Yang Xiu-gong was not able to say exactly in what sense the orphan lad was the tiger’s grandson, beyond affirming that he was the tiger’s "real" grandson. In Miao society, however, an adopted child would be described as a "real" son, just as a natural child would be, so that the relationship in the story remains open to speculation, with a number of possibilities. The tiger might merely have adopted the boy, enticing him away from his family without permission, as he later took the girl away by force. It could be that the tiger was indeed the boy’s natural grandfather, who, for some reason, had turned into a tiger. There are many examples of such transformations in the songs and stories, but they are normally only temporary and the person usually changes back to human form fairly soon. That does not happen in this story. Possibly the boy’s father was the child of a union between the tiger and a woman whom the tiger had abducted to be his consort. However, this would require the tiger to be a good bit older than he apparently was, and in the other example we have of such a union, the offspring were tigers not humans. (See M481) Could the tiger have been a reincarnation of the boy’s dead grandfather? Perhaps, but transmigration does not figure in any of the songs, and it is not found in any of the accounts which deal with the worship of the ancestors. Of all the possibilities, the first, adoption, seems the most likely.
In the course of the negotiations which took place to fix a marriage settlement, or the reparation to be paid in the case of divorce, the middlemen used conventional code words and avoided actually naming cattle, sheep, goats, etc.
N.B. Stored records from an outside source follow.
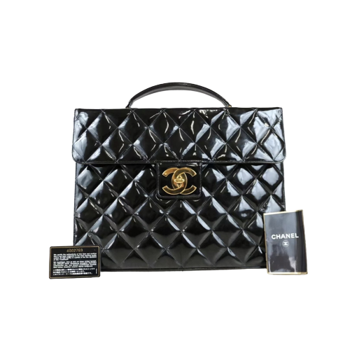Rank A |CHANEL Matrasse Briefcase Patent Leather |012101
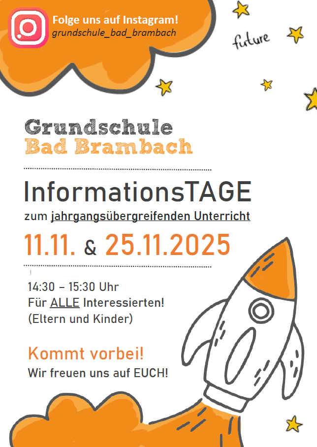 Am 11.11. & 25.11.2025 von 14:30 – 15:30 Uhr finden an unserer Grundschule die Informationstage für die neuen Schulanfänger zum jahrgangsübergreifenden Unterricht statt. Hierzu sind alle Interessierten, Kinder und Eltern recht herzlich eingeladen.
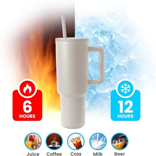 - 【Water Cup All Day Insulation】: The 40 oz tumbler with handle and straw features triple layer, double wall vacuum insulation technology, keeping your drinks at the perfect temperature, all day long. water cup Cold for up to 24 hours, and hot up to 12 hours. Whether you're at the office, on the road, or on a camping trip, and traveling,this durable tumbler is designed to keep your coffee hot Drinks or your water ice-cold all day long.
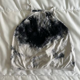 Top corto de tirantes, con diseño tie-dye en tonos grises y negros. Talla: S/36. Una puesta. COMO NUEVA. - Diseño halter, atado al cuello. - Espalda descubierta con tiras. - Estampado tie-dye único. - Ligero, cómodo. - Marca: Shein.
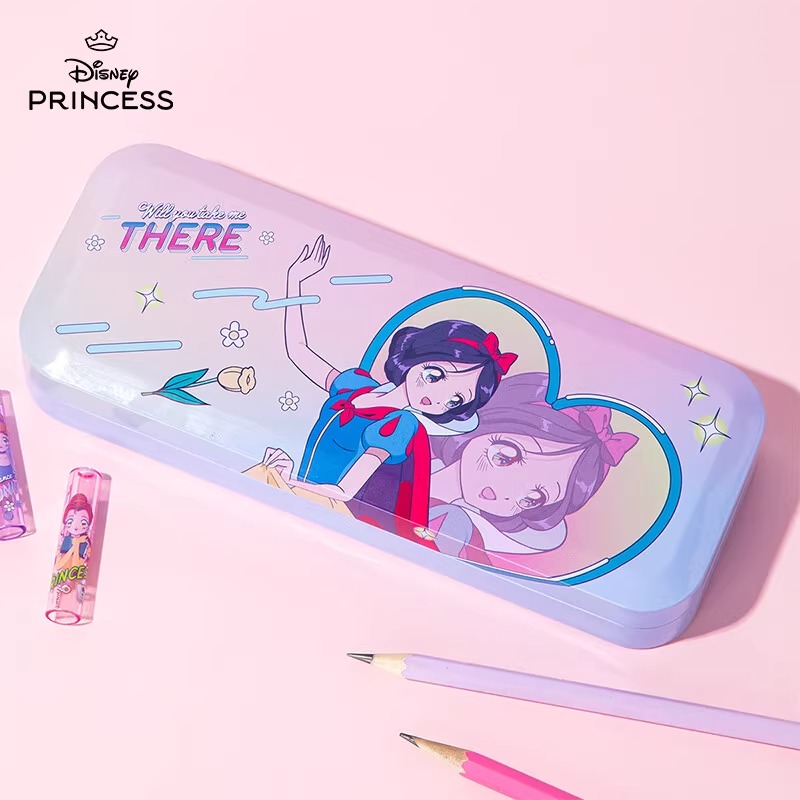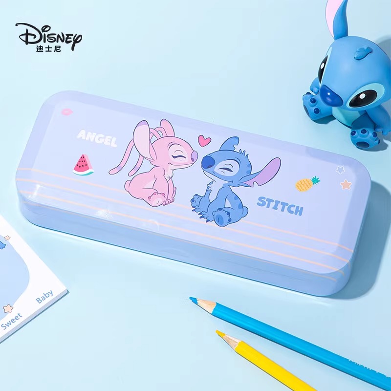 迪士尼史迪仔草莓熊公主铁文具盒儿童多功能铅笔盒幼儿园女孩卡通双层金马口铁笔盒小学生大容量简约收纳盒子
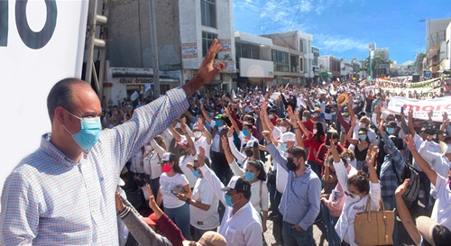 Al unísono de “Unidad sí, Imposición No” el contingente de Morena se concentró en la concha acústica del Parque la Loma, para realizar un recorrido de protesta en dirección a Av. México y Miñón, en contra de la Dirigencia Nacional abanderada por el ex Diputado Federal Mario Delgado y el Senador Presidente de la Bancada de Morena en el Senado, Ricardo Monreal, señalando a ambas figuras políticas de vendidos y traicioneros con el pueblo de Nayarit.
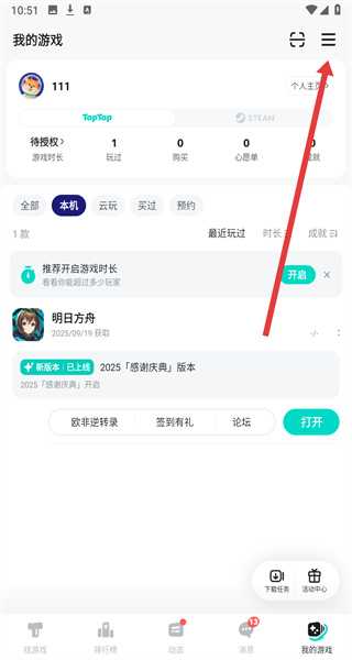 1、在TapTap“我的游戲”頁(yè)面點(diǎn)擊右上角三條橫線菜單按鈕。
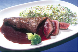 Tempere a alcatra apenas massageando a carne com sal grosso em todos os lados. Depois leve à grelha previamente aquecida e com fogo forte durante 10 minutos de cada lado a uma distância de 25cm. Vire apenas uma vez. Para preparar o molho, coloque primeiro a manteiga para aquecer e refogue nela a cebola picadinha. Acrescente a farinha de trigo e mexa com uma colher de pau. A seguir, as ervas, o suco de uva e o vinho. Mexa até engrossar. Deixe ferver até reduzir para 40% do volume inicial, o que leva cerca de 20 minutos. Retire a alcatra da grelha, fatie, arrume numa travessa e regue generosamente com o molho. A carne vai estar bem assada por fora, mas seu miolo ainda estará vermelho bem vivo, quase sangrando, acentuado pelo molho de vinho tinto. Apesar da aparência, para alguns não muito convidativa, esse é o seu ponto ideal de cozimento. Sirva com arroz com brócolis.
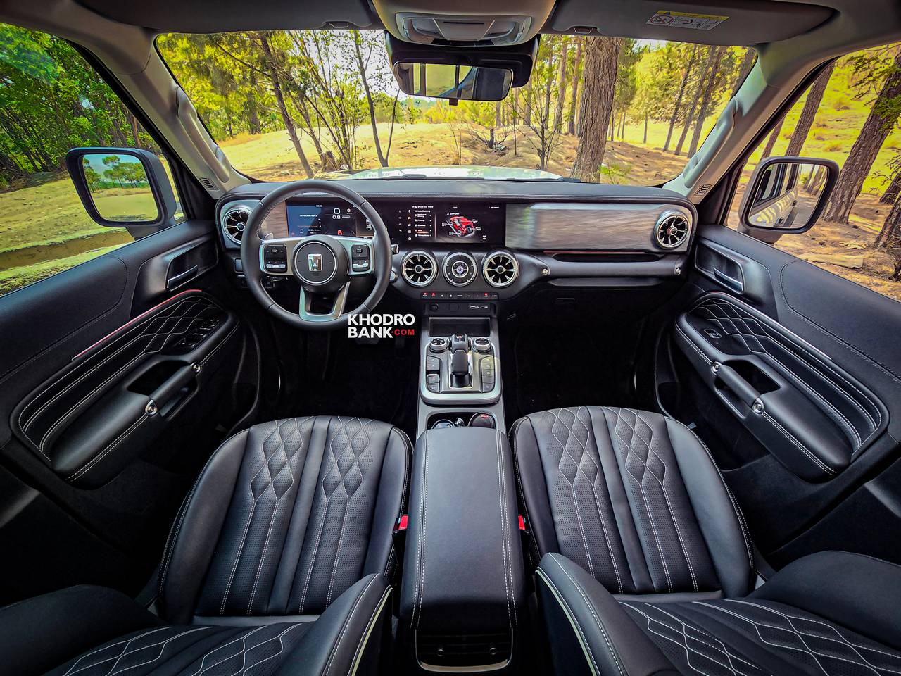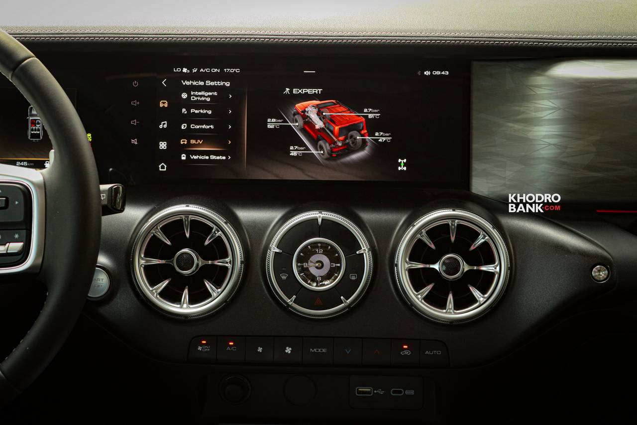 اما داخل کابین کاملا فضایی متفاوت را شاهد هستیم که با تبعیت کردن از الگوهای طراحی مرسدس بنز خصوصا شاسیبلند جی کلاس، نمایی بسیار جذاب و مدرن را پدید آورده است. در این بخش کلاستیر دیجیتال که از دو نمایشگر متصل به هم تشکیل شده است، در همان ابتدا توجه را به خود جلب میکند. همچنین دریچههای ورودی هوا به درون کابین نیز کاملا مشابه با محصولات مرسدس بنز است که میتواند برای عدهای از علاقهمندان خوشایند باشد. انتخابگر دایرهای حالات رانندگی و دریچههای دایرهای به همراه صفحه آمپر دیجیتالی که تا میانه داشبورد کشیده شده است، همگی از ویژگیهای جالبی هستند که داحل کابین توجه را به خود جلب میکنند. به طور کلی طراحی داشبورد و تریم داخلی با استفاده از متریال با کیفیت از دیگر ویژگیهای شاخص در داحل کابین تانک 300 است. گفتنی است در برخی از تصاویر تریم داخلی این خودرو به صورت دو رنگ است که باید منتظر ماند و دید که شتابان خودرو پرشیا قصد دارد این خودرو را با چه تریمی وارد بازار ایران کند.
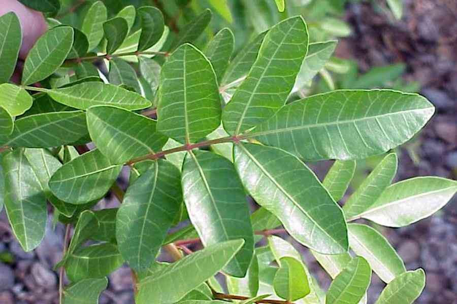 Folhas: Folhas compostas, imparipidadas, membranáceas, verde-escuras, pecíolo com pequena asa lateral; com 9 a 11 folíolos, sésseis, oblongo-elípticos, ápice agudo, base assimétrica, nervura central proeminente na face inferior, bordos serreados, com forte cheiro de manga.
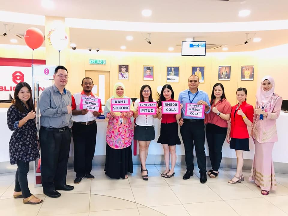 Ahli - ahli NUBE dari Public Bank Cawangan Gurun memberikan sokongan penuh terhadap tuntutan MTUC RM500 COLA & 65 had umur persaraan yang dilihat sebagai satu usaha membantu pekerja keluar dari kancah kemiskinan ketara.

The reference to the dog in this story as "a little white wine" is a further example of this kind of circumlocution.
The girl whom the tiger seized was already married, and Hmao-nji-ve was her husband’s home. When she turned up again in her own home, married to someone else, the family from Hmao-nji-ve came, ostensibly to take her back, but actually to claim repayment of the marriage settlement together with reparation for the broken marriage. In the case of a divorce such matters would be talked over by the middlemen and an agreement reached. This would be ratified by the exchange of ploughshares by the parties concerned. This explains why, in this story, the signal to the tiger that there was trouble over the previous marriage, was a ploughshare hoisted to the gable of the house.